Olive no le había escuchado. De otra manera no hubiera escogido ese momento para decir:

—Eric está con el agua hasta el cuello, ¿lo sabe?

—Siempre está con el agua hasta el cuello. ¿Qué le pasa ahora?

—Lo de siempre —contestó ella.

—Lo de siempre, ¿qué?

—Dinero.

—No puedo hacer más por Eric. He hecho ya más de lo necesario. Mi hijo me ha arruinado.

Como una revelación, Godfrey se dio cuenta entonces de lo que aquella tarde había apartado su interés de las ligas de Olive. Era el pensamiento del dinero, de este compromiso fijo con Olive, que duraba ya desde hacía tres años. Horas agradables, eso era cierto… «Uno», probablemente, aún había salido ganando…, pero ahora, Mabel Pettigrew… ¡Vaya descubrimiento! Se contentaba con la propina de una esterlina, y, además, era una mujer agradable. ¿Y la pejiguera de ir hasta Chelsea? Nada tenía de extraordinario que «uno» se sintiera a ras de tierra, especialmente cuando no conseguía libertarse fácilmente de un compromiso como el que había contraído con Olive, tanto más…

—No me siento muy bien en estos últimos días —observó—. El doctor cree que me agito demasiado.

—¿Cómo? —dijo Olive.

—Sí. Debería quedarme más tiempo en casa.

—¡Dios mío! —exclamó la joven—. A su edad, usted es extraordinario. Un hombre como usted no podrá estar nunca encerrado en casa las veinticuatro horas del día…

—Claro —admitió él—, también eso es verdad.

Y sintió el impulso de mirar con deseo las piernas de la muchacha en aquel punto en el cual, bajo el vestido, los cierres de las ligas se juntan con el borde de las medias. Pero ella no hizo ningún movimiento para ponerlas al descubierto.

—Dígale al médico que se vaya al infierno —dijo Olive—. ¿Por qué le ha consultado?

—Algún dolorcito aquí y aquí, querida.
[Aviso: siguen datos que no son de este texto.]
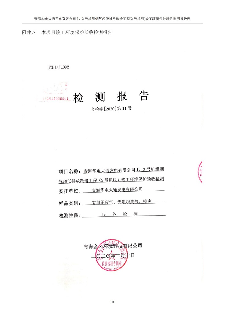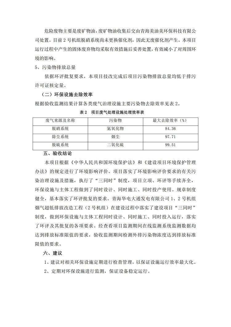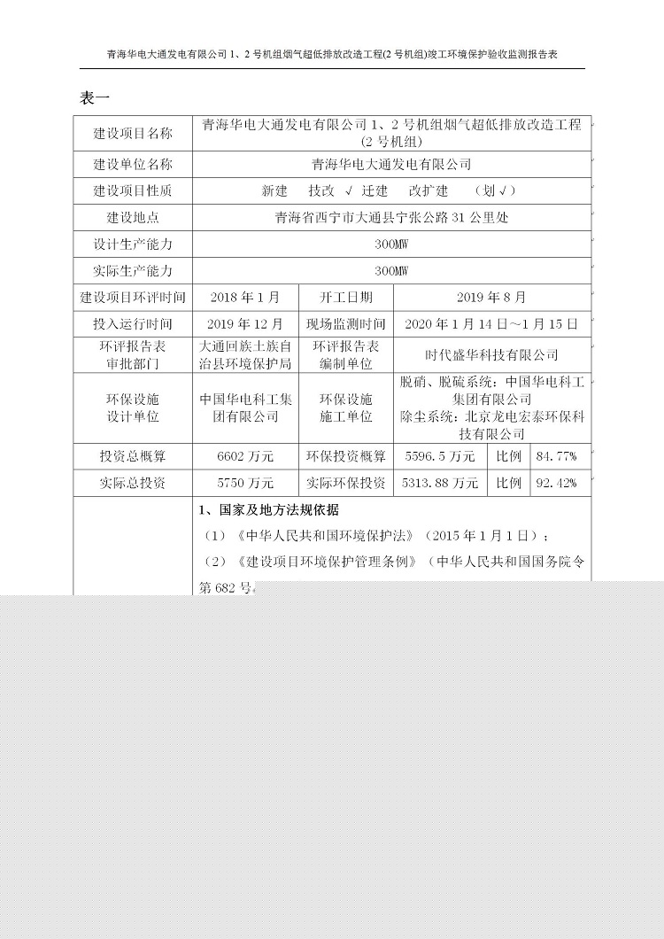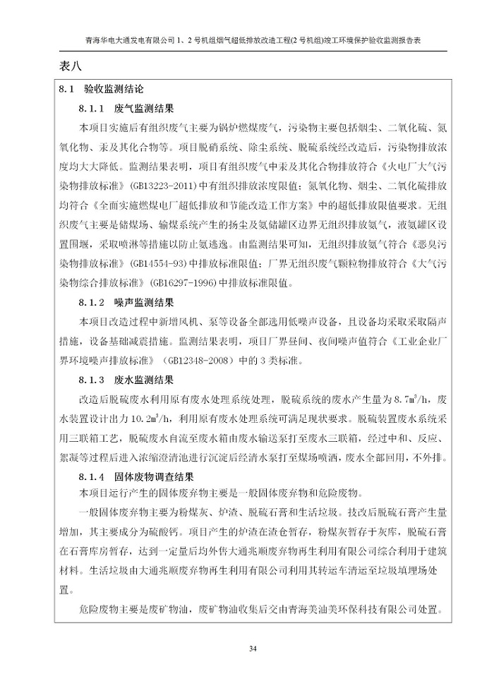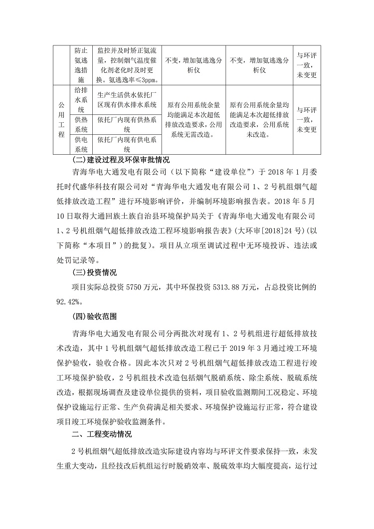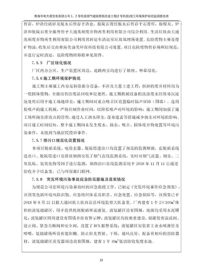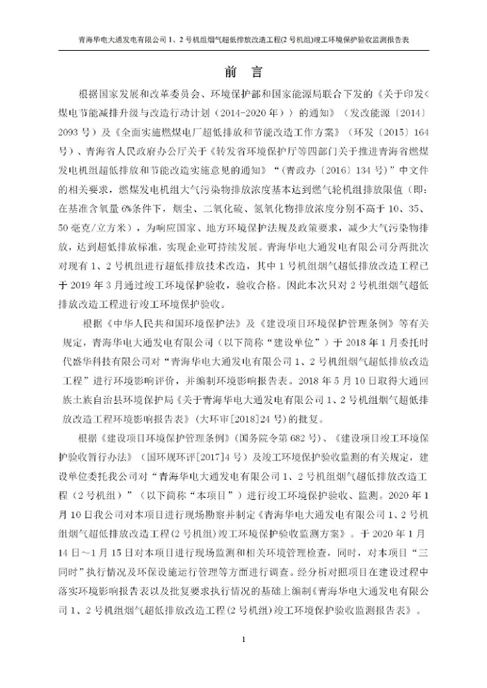 根據(jù)中華人民共和國國務(wù)院令第682號(hào)《國務(wù)院關(guān)于修改〈建設(shè)項(xiàng)目環(huán)境保護(hù)管理?xiàng)l例〉的決定》和《建設(shè)項(xiàng)目竣工環(huán)境保護(hù)驗(yàn)收暫行辦法》(國務(wù)院令682號(hào)),青海華電大通發(fā)電有限公司1、2號(hào)機(jī)組煙氣超低排放改造工程(2號(hào)機(jī)組) (包括竣工環(huán)境保護(hù)驗(yàn)收監(jiān)測(cè)報(bào)告表和驗(yàn)收意見)公示如下。 一、項(xiàng)目名稱:青海華電大通發(fā)電有限公司1、2號(hào)機(jī)組煙氣超低排放改造工程(2號(hào)機(jī)組) 竣工環(huán)境保護(hù)驗(yàn)收監(jiān)測(cè)報(bào)告表 二、地點(diǎn):青海省西寧市大通縣寧張公路31公里處 三、建設(shè)單位:青海華電大通發(fā)電有限公司 四、建設(shè)內(nèi)容:2號(hào)機(jī)組煙氣超低排放改造,2號(hào)機(jī)組改造內(nèi)容為脫硫系統(tǒng)保留原脫硫裝置作為一級(jí)塔,新建二級(jí)合金托盤塔串聯(lián)吸收塔;對(duì)原“1+2”電袋復(fù)合除塵器的一電場(chǎng)電源進(jìn)行改造,對(duì)布袋除塵器濾袋進(jìn)行更換;對(duì)原脫硝系統(tǒng)選擇性催化還原法(SCR)脫硝工藝加裝備用催化劑,每層催化劑增加聲波吹灰器,優(yōu)化SCR反應(yīng)器入口導(dǎo)流板。 五、聯(lián)系人:馬世敏 六、聯(lián)系電 話:0971-6515411 七、公示時(shí)間:二〇二〇年四月二十九日至二〇二〇年五月二十八日 公示期間,對(duì)上述公示內(nèi)容如有異議,請(qǐng)以書面形式反饋,個(gè)人須署真實(shí)姓名,單位須加蓋公章。

Nada serio, naturalmente.

—Muchos hombres, más jóvenes que usted, están atormentados por pequeños dolores en alguna parte. Fíjese en Eric, por ejemplo…

—Nota los años, ¿eh?

—Dios mío, yo diría que sí.

—No puede culpar a nadie, sino a sí mismo —insistió Godfrey—. Digo mal, me equivoco. A mi parecer, la culpa es de su madre. A partir del momento que el muchacho nació, ella…

Se apoyó en el respaldo del sillón, las manos cruzadas sobre el estómago. Olive cerró los ojos y se relajó. Mientras, la voz de él continuó resonando en aquella tarde avanzada.

* * *

Godfrey alcanzó el coche en el claro bombardeado. Se sentía siempre completamente entumecido cuando se levantaba de aquel horrible sillón moderno de Olive. «Uno» se ponía a hablar, a hablar, y acababa permaneciendo más tiempo de lo que sus intenciones habían pensado. Subió al coche, con los miembros un tanto envarados, y cerró la portezuela; como si, desde dentro, su otra personalidad, más digna, le reprochase, la que ahora debía hablar.
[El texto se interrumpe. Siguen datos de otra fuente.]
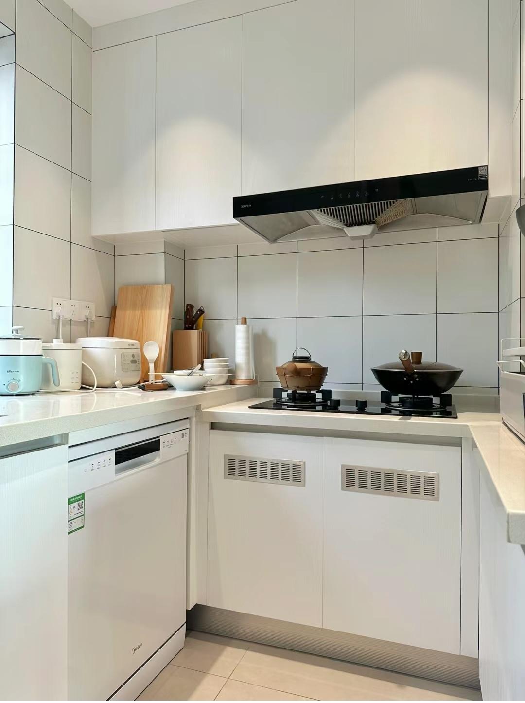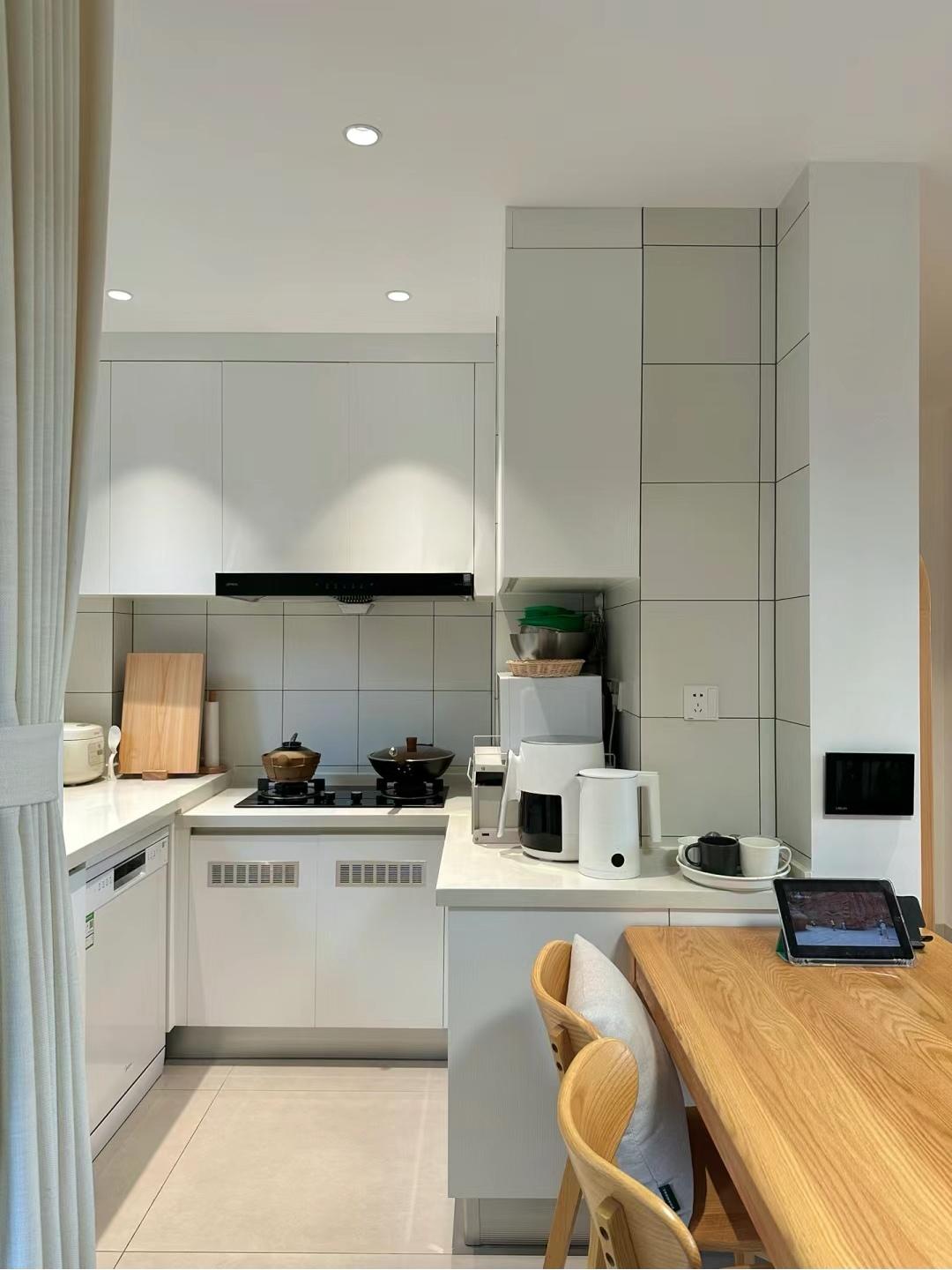 白色的廚房,是由牆面白色的牆磚和白色的櫥櫃組成,甚至還有白色的檯面,檯面做了高低臺的設計。讓這個小廚房不僅是有顏值,更是有更好的實用性。
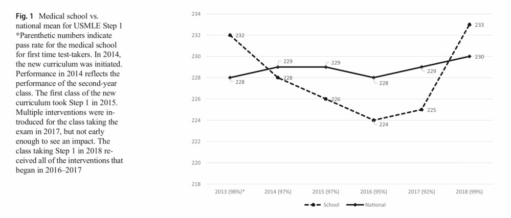 And this problem did not escape the notice of administrators. Soon, faculty were called upon to tool up and join the Step 1 arms race and get those scores back up. Over the following several years, the school made the following changes:
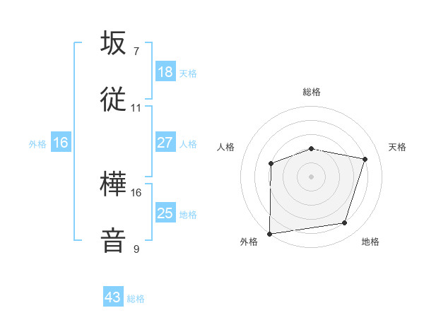 坂従 樺音さんの総格は43画の2点!
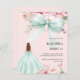 Um elegante fundo cor-de-rosa pincelado, decorado com um grande arco verde sábio, flores cor-de-rosa e uma menina de vestido verde. Personalize e adicione um nome e detalhes da parte. 1 folha = 1 convite impresso de borda a borda.
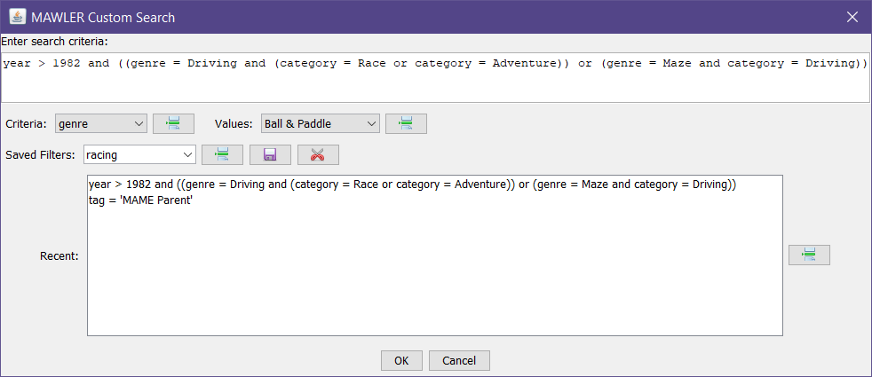 You don't need to know what all the various fields are called in this scriptable language, as the Criteria drop list provides them all, pick one and insert into your growing textual query.  And when you select a Criteria, all of its known Values are shown - again, you don't have to be an expert here, this screen will help you along.  And if you get something wrong it will tell you about it.  Also shown are all your saved queries, the ability to save what you have, delete a query, and review all recent searches.  Matching multiple values is also supported with shorthand syntax, like:
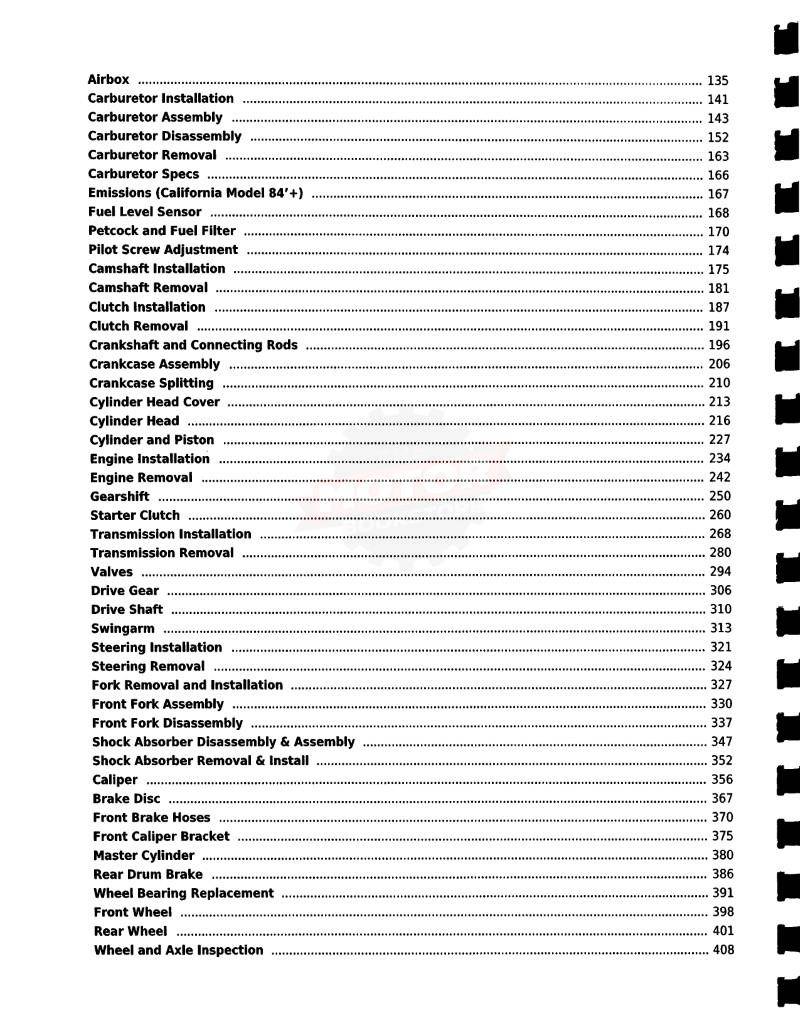 Honda CB550 CB650SC Nighthawk Service Manual: 1983-1985 - Table of Contents 3

«¿Por qué "uno" se comporta así, por qué? —preguntóse Godfrey mientras se dirigía y recorría King's Road—. ¿Por qué "uno" hace estas cosas sin definir con exactitud de qué "cosas" se trata? ¿Cómo ha empezado todo esto? ¿En qué punto de la vida "uno" se sorprende haciendo cosas como ésas?»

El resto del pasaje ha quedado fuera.